The Day the World Ended (2001 TV Movie)
2/10
For specialized tastes. Very specialized.
6 August 2007
Warning: Spoilers
Nastassja Kinsky is easy to look at, and the performances aren't bad, and that's about it.

Now, if you're going to make a science fiction movie about some weird stuff going on in town, some conspiracy or secret, there are a couple of ways of approaching it. You always begin with a normal person, as this movie does with Kinsky. And there should be someone else around who behaves normally, so that the hero or heroine can have someone to talk things over with. Katherine Ross, in "The Stepford Wives", has the bosomy, candid Paula Prentice to talk to, until Prentice became part of the problem instead of the solution.

Alternatively you can have the entire town act normal until its residents one by one become creepy, or a group become, let's say, unusual. See "Invasion of the Body Snatchers" for an example of the first kind, and "Village of the Damned" for the second.

In this remake, the entire town resents Kinsky from the moment she first drives into it, even before they can possibly know who she is. Actually, she's the school's resident psychological counselor, which puts her in the position of being nosy and turning the town's resentments into full-blown hatred.

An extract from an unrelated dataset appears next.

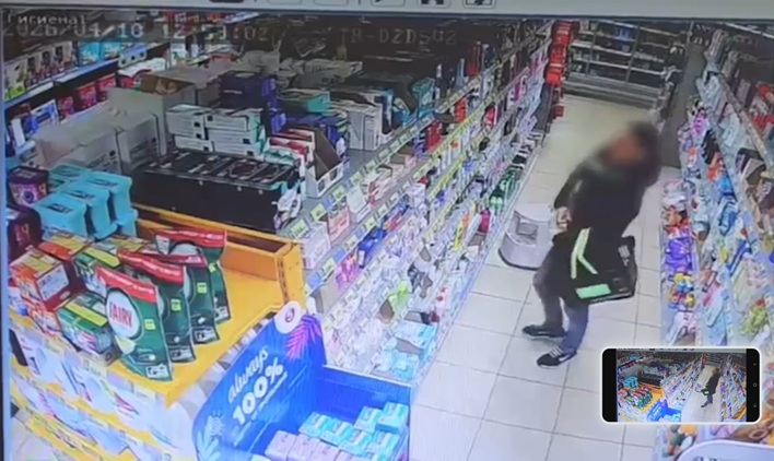Момент преступления зафиксировали установленные в магазине камеры. На записи видно, как мужчина прячет товар в штаны.

We know she's resented from the first few minutes of the movie when the director has carelessly positioned the extras so that they all stand with their hands on their hips, glaring at her.

Does she get help from the school's nurse? How about the school's principal? Are you kidding? This raises an interesting question right off the bat. If no one in the town wants a snoopy school psychologist, then why did they hire one? I have it on now in the other room. Somehow it was mistakenly included in a box of DVDs someone sent me. I won't watch it until the end because I don't care what the town's secret is. I imagine, though, that, since this is a remake of a cheap science fiction film from the 50s, and because the cover tells me so, that a monster appears courtesy of special effects. The appearance of a modern CGI monster is, I take it, the chief reason for the appearance of the movie. I can't think of any other reason.

Who would enjoy it? I think lots of kids around 10 or 12 would get a kick out of this undemanding and commercial pap. And, meaning no disrespect, I imagine some adults with a taste for cheaply done science fiction movies with slobbering creatures killing off characters would also enjoy it.

Not my cup of tea though. Not a soupçon of originality. Can't speak for everyone.